Off Gerry goes, leaving his wife (Mireille Enos) and his three kids (Sterling Jerins, Abigail Hargrove, and Fabrizio Zacharee Guido) on a large naval vessel with a satellite phone to keep in shaky touch. He is accompanied by a brilliantly insightful and rather giddy young British doctor (Elyes Gabel) whom the UN expects will be their best hope (he later disappears). Curiously, from here on Gerry relies on hunches or hints. The first mention of "zombie" was from Korea so he goes there, and studies a room full of crumbly, ashen bodies. That's a dead end. Then he hears that a honcho in Israel (Ludi Boeken) got the idea of building a very, very high wall surrounding the whole country, so he figures this chap knew something, and he's off to Jerusalem. All that develops is that no wall is high enough. The Israelis seem quite confused, because they're letting people in! "Every person we save from contagion is one less zombie to fight." Hmm. . . The pulsating mountains of zombies climbing up and over Israel's high wall is the movie's signature image. Another striking image is of a thin Israeli child hovering on the ground while a horde of Zombies rush by in the opposite direction, ignoring him. (The suggestion that walls are no solution may be a hint about Israel's treatment of the Palestinians.) Not much left but to move on, accompanied by a frail, sensitive-faced, shaven-headed young female Israeli soldier he's rescued from zombiehood called Segan (Daniella Kertesz), to a big WHO disease research center in Cardiff, Wales. This movie is in-your-face; don't forget it's 3D -- so faces are important. The early crowd scenes are completely chaotic, just turbulent masses of bodies, but they're 3D shock-images.
Guess what happens on the crowded passenger plane? Let's just say it's a very, very rough landing. And we're ready for the final act, which takes place in the WHO disease research lab, a sprawling facility where just one wing contains 80 researchers who've already "turned," and Gerry has to deal with just two men, both played by actors with Italian names, Pierfrancesco Favino, whom he keenly spots as the guy in charge, and Peter Capaldi, actually a Scottish actor, known from many roles, including the TV series "Skins" and the riotous political satire "In the Loop." A hilarious comic, Capaldi seems quite wasted here; but everyone is just backup for Brad.
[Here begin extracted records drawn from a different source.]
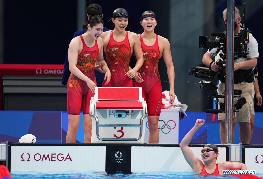 Members of team China celebrate after winning the women's 4x200m freestyle relay final of swimming at the Tokyo 2020 Olympic Games in Tokyo, Japan, July 29, 2021. (Xinhua/Xu Chang)
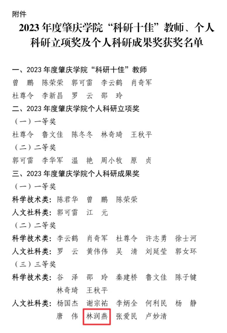 在2023-2024年度bevictor1946韦德官网个人科研成果奖表彰中,林润燕副经理凭借其扎实的专业功底和突出的科研成果,荣获人文社科类三等奖。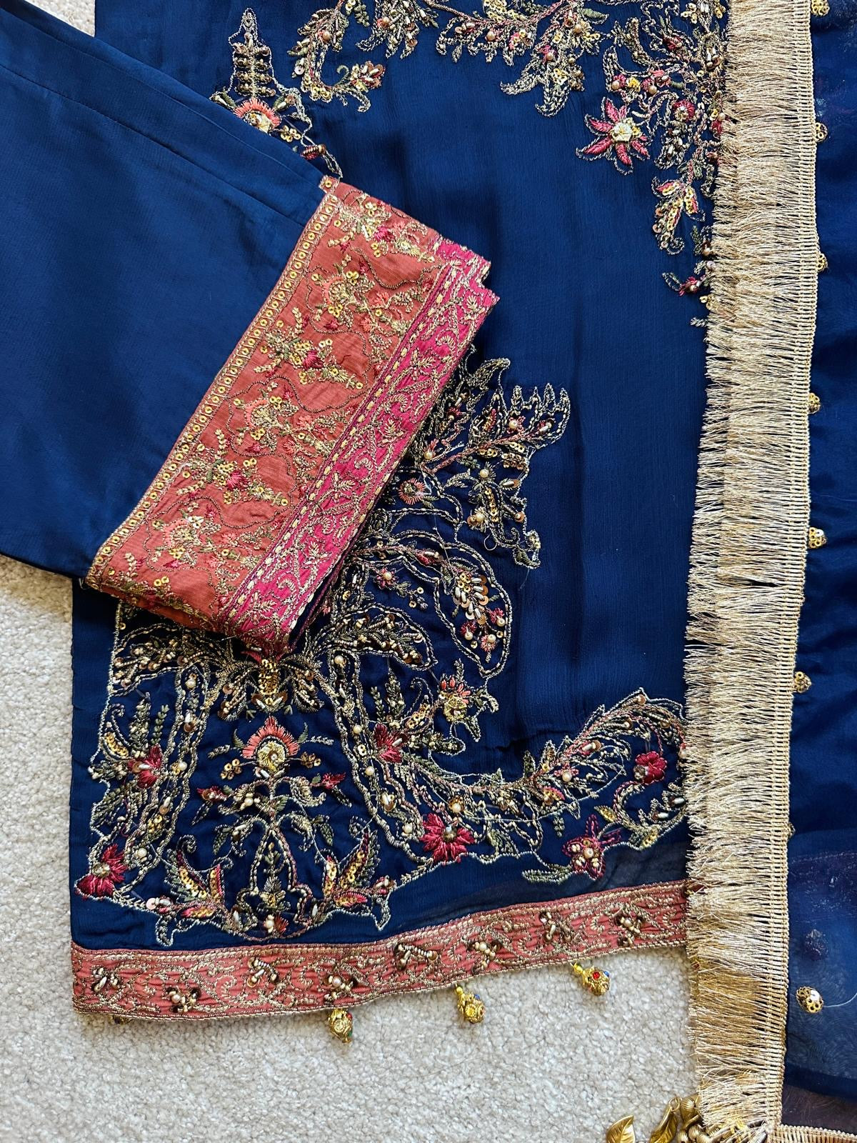 Embroidered & Adda Work Front and Sleeves Patti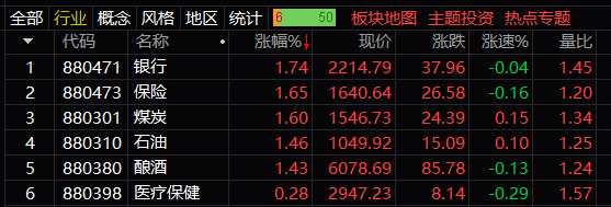 板塊方面:銀行、煤炭、石油、電力板塊護(hù)盤(pán)意圖明顯,午后,醫(yī)療、釀酒、保險(xiǎn)、家電等板塊翻紅;

There are several other WHO doctors (Ruth Negga, Moritz Bleibtreu, from this multi-national cast) who huddle together with Favino and Capaldi and watch as Gerry performs his final risky, brave deed, which somehow, in a way I won't try to explain that's too far-fetched anyway, is a significant step toward saving the human population, though "it's only a beginning." (Cue uplifting Brad motivational talk.)
And so ends an exciting, hyperactive, continually involving, but not very substantial film, except for the way it portrays Brad Pitt as a soulful, sexy, brave, and still-youthful superstar whose relaxed on screen presence remains undeniably impressive, if only his character had more of a personality and more to say.